Description
Problem
TL;DR provisionerd can hang on exit if it gets a 403 (for example, after a license change) instead of exiting with an error to try reconnecting at a later date.
A developer modified the license on dev.coder.com to test out an issue.
They were unable to restore the original license after their testing, and accidentally replaced it with a different one that did not include the entitlement for external provisioners.

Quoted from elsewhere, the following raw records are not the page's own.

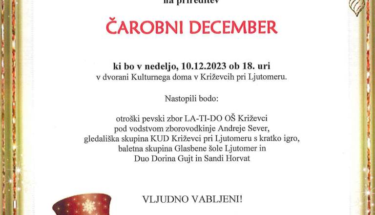 Z zimskim časom se nam približujejo najlepši prazniki v letu. VABIMO VAS na prireditev ČAROBNI DECEMBER, ki bo v nedeljo, 10.12.2023 ob 18. uri v dvorani ...
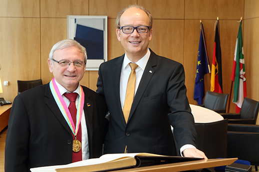 Landtagspräsident André Kuper (r.) mit Pasquale Passarelli im Empfangsraum des Landtags Nordrhein-Westfalen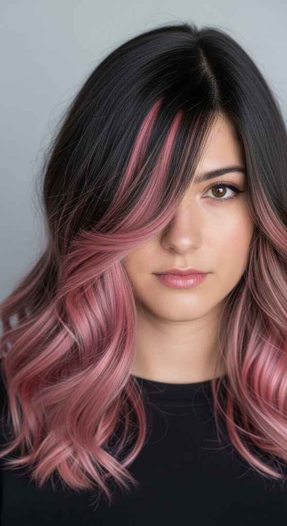 Peekaboo pink hair also pairs beautifully with different hairstyles. It shines through braids, waves, curls, ponytails, and updos, creating dimension and visual interest. This movement-based effect is especially appealing for social media and photography, which is why Pinterest users love saving these ideas for inspiration.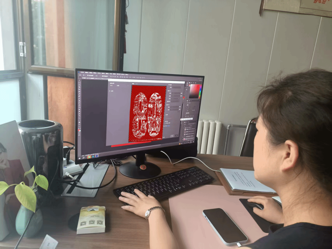 得知吕俊因工作繁忙缺乏创作时间,队员们发挥计算机专业优势,用AI技术构思反法西斯主题创意,通过Photoshop绘制剪纸底稿。“这设计既有历史厚重感,又有现代审美!”吕俊对AI生成的底稿赞不绝口,双方约定9月前完成实体作品,为胜利纪念日献礼。

This caused the external provisioner deployments to disconnect with status 403 as expected:
{"ts":"2025-02-26T12:47:10.029756766Z","level":"ERROR","msg":"not authorized to dial coderd","caller":"/home/runner/work/coder/coder/provisionerd/provisionerd.go:240","func":"github.com/coder/coder/v2/provisionerd.(*Server).connect","fields":{"error":"GET https://dev.coder.com/api/v2/organizations/default/provisionerdaemons/serve?id=2d9b6b15-03d0-464d-a6f5-48f64e836bec\u0026name=coder-provisioner-tagged-57bf5899-4ph9k\u0026provisioner=terraform\u0026version=1.3\u0026version=1.3: unexpected status code 403: External provisioner daemons is an Enterprise feature. Contact sales!"}}
{"ts":"2025-02-26T12:47:10.029848836Z","level":"DEBUG","msg":"connect loop exited","caller":"/home/runner/work/coder/coder/provisionerd/provisionerd.go:241","func":"github.com/coder/coder/v2/provisionerd.(*Server).connect"}
The license was later replaced.
As we regularly build and deploy main
to dogfood, one of the provisioner deployments was restarted and reconnected successfully. However, a corresponding step wasn't being done to the second provisioner deployment (corrected here: coder/coder#16716).
The provisioner deployment that was not restarted by CI ended up 'hanging' in that state and not exiting with an error. Users of the dogfood deployment encountered "pending" workspace builds. After manually restarting the deployment, the provisioner reconnected successfully and builds proceeded.